Your instructions -> Write every line below out again, exactly as given, but leave out the pictures.

------ Dataset extract ------

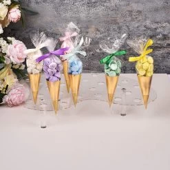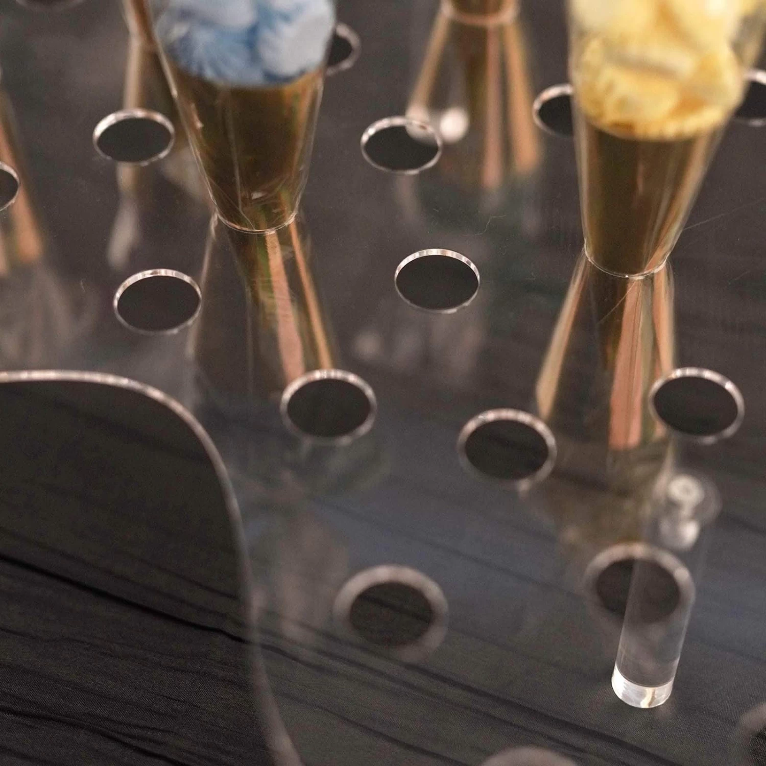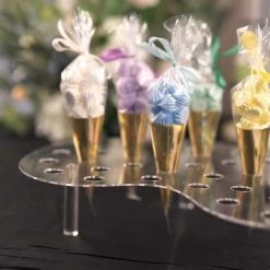 Serve your sweet treats and favors in this stylish and multipurpose acrylic mini cone display stand. This clear display stand is designed with 35 slots for your shot tubes or cone-shaped favor holders. This convenient stand can function as a serving tray or holder of your party treats and favors for birthdays, weddings parties and events. It can also be used as an organizer for small items in your home. A perfect addition to your party tables!
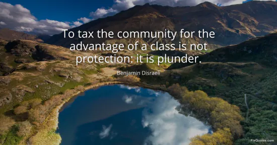 Disraeli, Benjamin. (2026, January 15). To tax the community for the advantage of a class is not protection: it is plunder. FixQuotes. https://fixquotes.com/quotes/to-tax-the-community-for-the-advantage-of-a-class-35392/
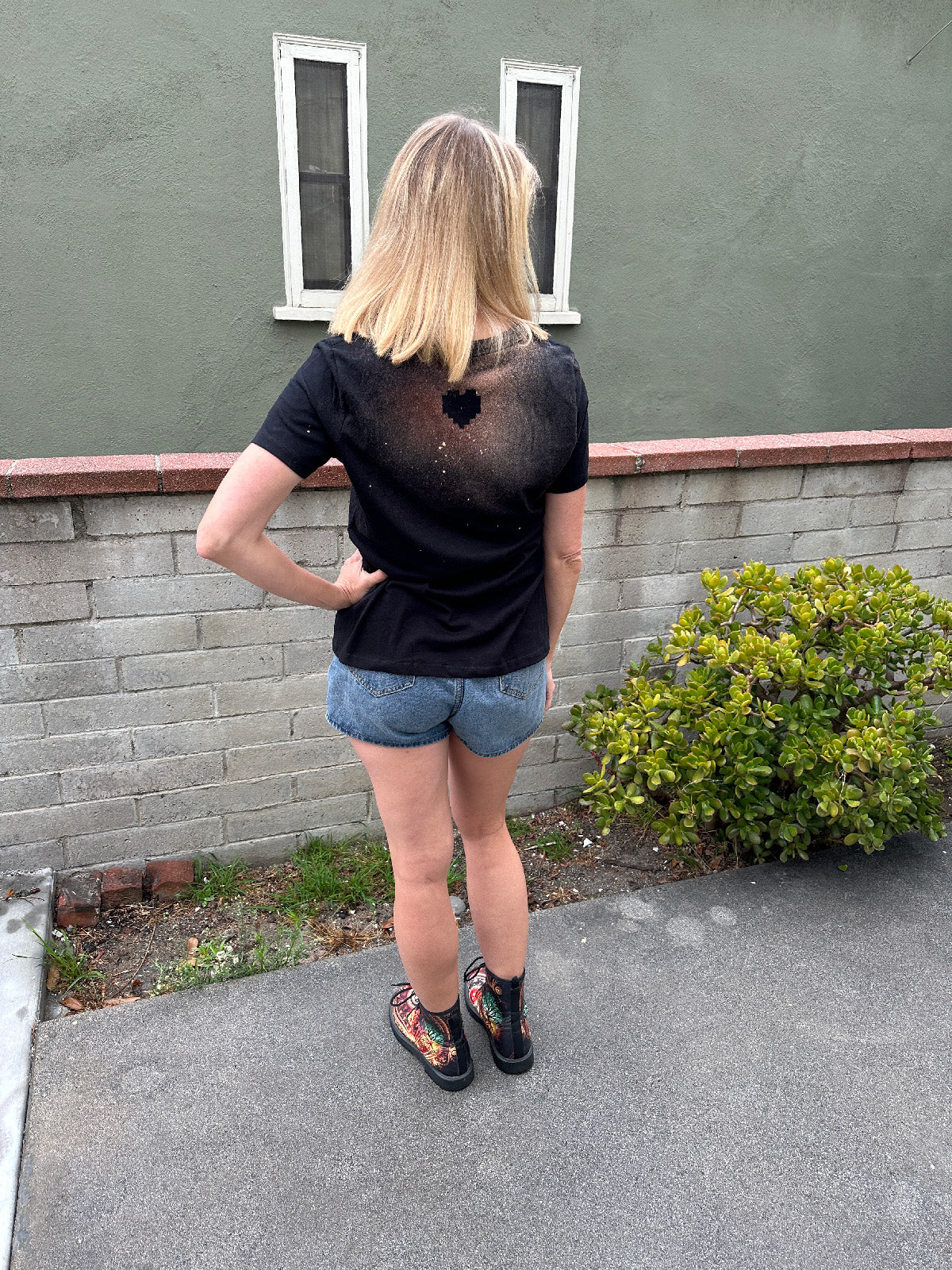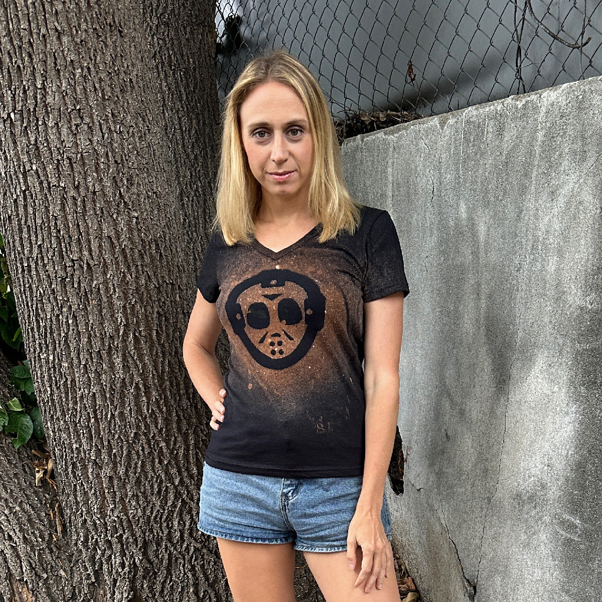 The unique design is handmade, using a stencil and bleach, ensuring that each shirt will be similar but unique in its splatter. The colors may vary slightly, particularly on non-black tshirts, but the design will not grow dull or crack.

------

Answer space ->
 Serve your sweet treats and favors in this stylish and multipurpose acrylic mini cone display stand. This clear display stand is designed with 35 slots for your shot tubes or cone-shaped favor holders. This convenient stand can function as a serving tray or holder of your party treats and favors for birthdays, weddings parties and events. It can also be used as an organizer for small items in your home. A perfect addition to your party tables!
 Disraeli, Benjamin. (2026, January 15). To tax the community for the advantage of a class is not protection: it is plunder. FixQuotes. https://fixquotes.com/quotes/to-tax-the-community-for-the-advantage-of-a-class-35392/
 The unique design is handmade, using a stencil and bleach, ensuring that each shirt will be similar but unique in its splatter. The colors may vary slightly, particularly on non-black tshirts, but the design will not grow dull or crack.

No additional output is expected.